* **Exercise prompt**:
With pictures left out, output exactly the lines of the listing below from the line that has "注意:您的设置中的wp_前缀" to the line that has "More information about", both lines kept.
-- Available data follows --
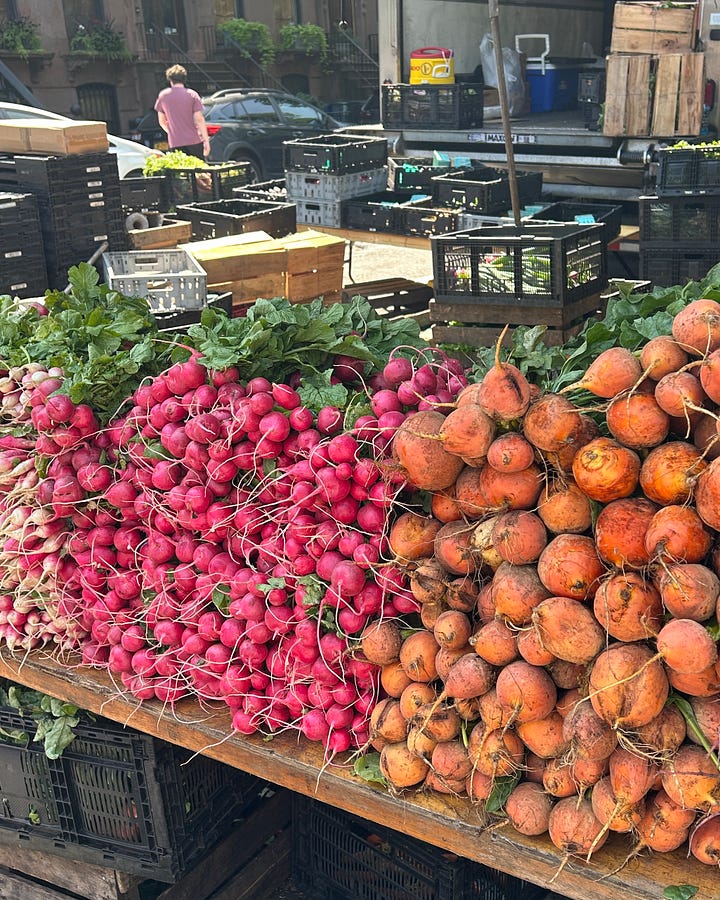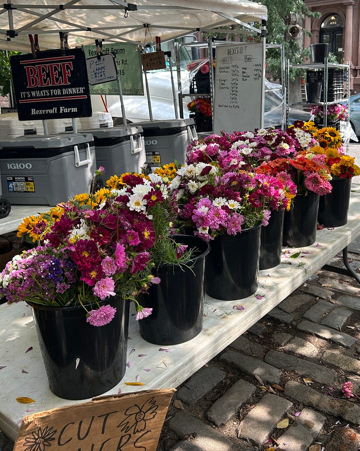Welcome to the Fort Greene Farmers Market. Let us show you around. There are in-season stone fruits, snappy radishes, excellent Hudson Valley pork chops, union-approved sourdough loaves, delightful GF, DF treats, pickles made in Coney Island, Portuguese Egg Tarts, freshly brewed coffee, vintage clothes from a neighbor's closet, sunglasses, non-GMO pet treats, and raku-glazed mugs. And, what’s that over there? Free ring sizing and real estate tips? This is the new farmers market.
-- Available data concluded --
-- Available data follows --
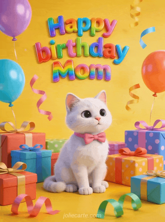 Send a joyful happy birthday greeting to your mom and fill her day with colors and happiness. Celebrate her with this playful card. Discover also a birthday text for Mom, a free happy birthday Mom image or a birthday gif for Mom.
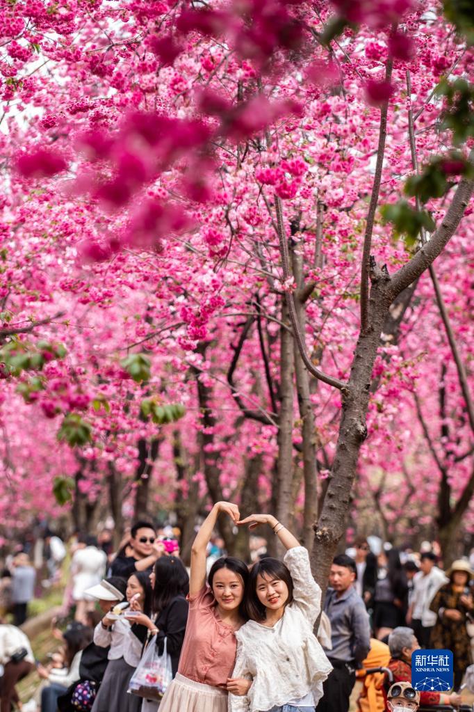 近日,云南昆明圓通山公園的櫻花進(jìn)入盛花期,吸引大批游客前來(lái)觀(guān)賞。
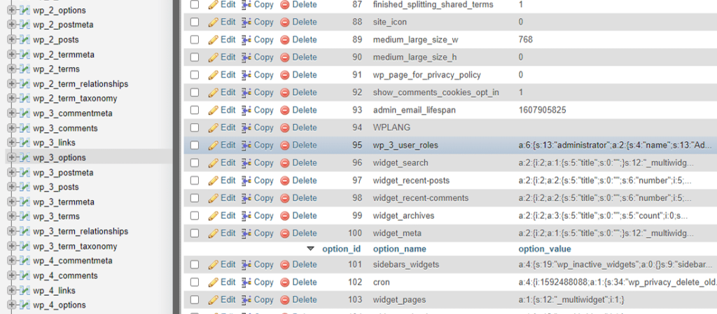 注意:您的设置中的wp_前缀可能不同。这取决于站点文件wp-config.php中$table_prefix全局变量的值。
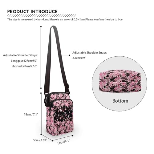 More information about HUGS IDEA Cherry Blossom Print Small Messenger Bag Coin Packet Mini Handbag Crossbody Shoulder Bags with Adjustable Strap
-- Available data concluded --
* **Solution**:
 注意:您的设置中的wp_前缀可能不同。这取决于站点文件wp-config.php中$table_prefix全局变量的值。
 More information about HUGS IDEA Cherry Blossom Print Small Messenger Bag Coin Packet Mini Handbag Crossbody Shoulder Bags with Adjustable Strap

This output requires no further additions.